【質問の要旨】
賃料相当額を特別受益として引かれるのか
【ご質問内容】
裁判認知により相続人となりましたが、被相続人所有の空き家に住んでいた年数分の賃料(1000万円)を、特別受益として遺留分から差引くと言われています。
建物は、数年前に贈与の約束(契約書)があり、私(婚外子)の母が建替え、被相続人の死亡以前に母名義となっています。
土地は、私に遺贈の遺言があります。
それでも特別受益として賃料相当額を引かれなければならないのでしょうか。
【使用貸借であれば賃料の支払いは不要】
被相続人であるお父さん所有の空家をあなたが使用していたということを法律的に考えてみます。
お父さんがあなたに賃料を請求するようなことはなかったのであれば、あなたはお父さんから無償(ただ)でその家を利用することを認められたということになり、法律的には使用貸借という関係になります。
あなたの立場から言えば、無償で使用する権利(使用借権)をお父さんから与えられたということになりますので、賃料を支払う必要はないでしょう。
【使用借権が特別受益になる可能性がある】
ただ、あなたが、被相続人からただで使用する権利(使用借権)をもらったということが特別受益とされる可能性があります。
使用借権の価額については当該対象物件の5~10%程度の価値があるものだとされることが多いです(但し、裁判例の解説などを読むと10~30%ではないかという見解もあります)。
しかし、建物価額は評価証明額を前提として算定されることが多いですが、建物の評価証明額が極めて少額な場合も多く、そのため、上記の割合では使用借権価額が極めて少額になります。
一方で、被相続人であるお父さんは土地や建物の固定資産税分を負担しています。
その物件をあなたが無償使用しているのであれば、最低限、土地や建物の固定資産税分の支払い分程度は免れたという利益を受けていたことになり、その相当額が特別受益とされる可能性があります。
【建物贈与の影響】
建て替える前の建物は、生前に贈与されていますが、誰に贈与されたのかがご質問では明らかではありません。

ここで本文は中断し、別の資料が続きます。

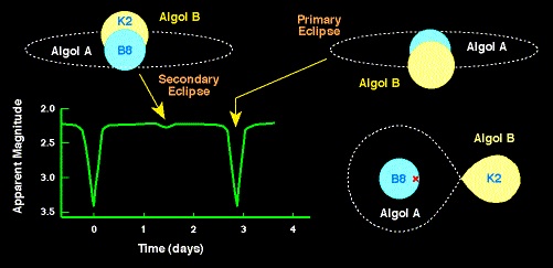 Algol on pimennysmuuttuja. Tässä kaksoistähtijärjestelmässä Algol A ja Algol B kiertävät yhteisen massakeskipisteen ympäri 2.867 päivässä. Yksi kierros kestää siis 2 päivää, 20 tuntia ja 49 minuuttia. Algol A on paljon kirkkaampi kuin Algol B. Algol B on säteeltään suurempi kuin Algol A. Näemme tämän kaksoistähtijärjestelmän lähes sen ratatason suunnasta, joten tähdet pimentävät vuorotellen toisiaan. Primääripimennyksessä himmeämpi Algol B peittää osittain kirkkaamman Algol A:n. Tämän primääripimennyksen voi havaita paljain silmin. Sekundääripimennyksessä kirkkaampi Algol A peittää osittain himmeämmän Algol B:n. Tätä sekundääripimennystä ei voi havaita paljain silmin. Kuvassa alla näkyy Algolin valokäyrä, sekä molempien pimennysten paikat tällä valokäyrällä. Oikeassa alakulmassa on lisäksi kuva siitä, miltä järjestelmä näyttäisi ylhäältä päin, jos olisi mahdollista katsoa sitä ratatason suhteen kohtisuorasta suunnasta (kuva: @freestarcharts.com)

もし、あなたに贈与されたのであれば、建物価額があなたの特別受益として持ち戻されますが、その場合の特別受益額は、《建物価額-使用借権額》でいう計算式で算定されます。
贈与があったとしても、あなたが使用借権を取得した事実は消えませんので、使用借権取得が特別受益となる点は否定できません。
但し、上記考え方はあくまで一つの考え方にすぎず、異なる見解もありえます。
【持ち戻し免除の可能性もあるので弁護士に法律相談を】
なお、今回のご質問から受ける印象ですが、お父さんとしては遺産への持ち戻しを免除するという意思をお持ちであった可能性もあります。
また、前項に記載したように使用借権を設定した後、その建物を取得した場合にどのような形で特別受益に反映させるかについても、弁護士により見解の相違がありえます。
いずれにせよ、今回のご質問が含む問題については、難しい点も多いので、近くの相続問題に詳しい弁護士に事情を詳しく説明され、相談されることをお勧めします。